The Path Worth TravelingDan Doyle
Have you ever gotten lost, maybe in a place where no one speaks your language, and you do not speak theirs? If you have, you may also remember that moment of panic that accompanied the recognition that your were,indeed, lost. It is a feeling of being utterly helpless. Your mind races over a dozen scenarios. You know no one. What are you going to do? If you were lucky, maybe someone came to your “rescue” and with a few words, lots of hand gestures, and with genuine kindness and compassion “shepherded” you back on to the recognized path to your destination. You might remember the sense of relief that came over you and how it was followed by an overwhelming sense of gratitude for the kindness and the generosity that person had shown you, a stranger. That personal encounter with genuine human kindness probably shaped your whole view of that place.
Brothers and sisters, we are often lost. We are often confused and led astray by the many temptations of this Vanity Fair we are wandering through as pilgrims on the road to the Celestial City. There are many reasons for this, but the result is always the same. When we lose the path, when we get lost, we suffer. But, as Christians, we know that there is always One who will come to our rescue. With infinite kindness, love, and mercy, Jesus will guide us back onto the righteous path, the narrow path that leads to the green pastures and the flowing waters of our heavenly home. Jesus is our Good Shepherd, our loving Savior. His love and his concern for us is infinite and inextinguishable.
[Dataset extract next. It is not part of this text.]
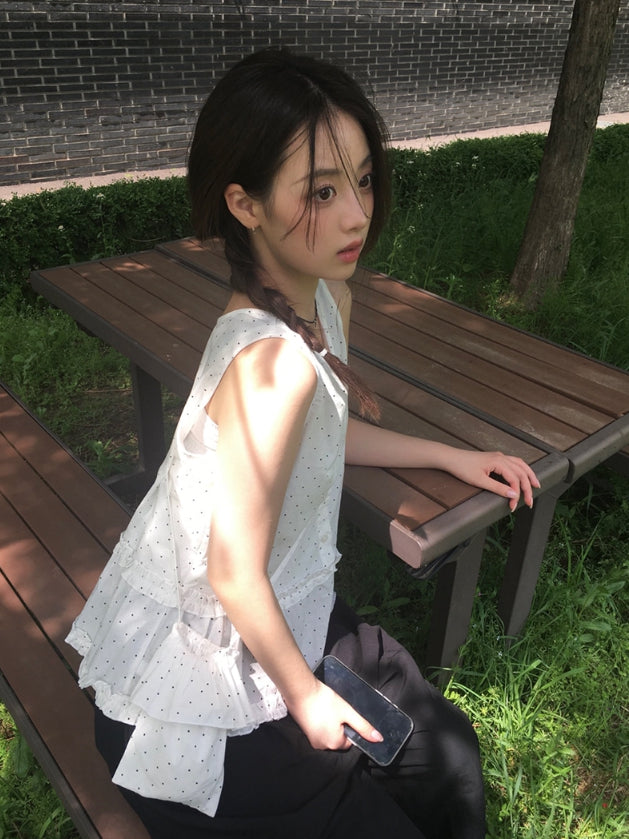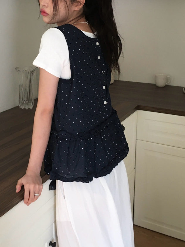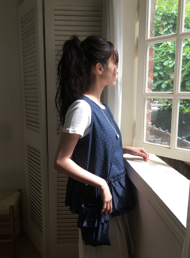 [Bag set] Palan Dot Frill Layered Sleeveless Set

It is the path of righteousness that we often stray from. It is the one and only true path to our hoped for destination. There are countless other paths that “appear” to be good paths. Some purport to be “shortcuts” to our destination, but lead nowhere. Some appeal to us as ways to immediate pleasures; supposedly innocent, momentary diversions of one kind or another. Others make no bones about being rebellious tracks that make their own ways, their own destinations. They have names like, “I did it my way.” Or “It’s all about me.” In every case, they all lead to ends we did not intend or desire. There is only one path that leads us home; the path of righteousness.
To be righteous in this world is not easy. Righteousness is a matter of moral character. While we are born with the instinct for this, because of our fallen nature, we have to work hard, even struggle, to develop the habits of moral character over the length of our lives. Though these habits do not come easy, when they are acquired, they become our shield and our strength in the face of life’s many challenging or tempting appeals to go down its many and varied “roads to perdition.” As Christians we know our guide. Jesus is our moral compass, our guide, our shepherd. We need only look to him, listen to his word, and follow in his ways in order to find our way home. Though this is not easy, with God on our side, who can be against us? If we willingly pick up the crosses of our lives and follow him, he will guide us home. Thanks be to our Good and Kind Shepherd.
For your name’s sake, Jesus, we desire to follow you down the path of righteousness to our heavenly home. In you we place our faith, our hope, and our love. Help us to grow more confident in our faith and our knowledge of you each day. We ask this in your name, Jesus. Amen!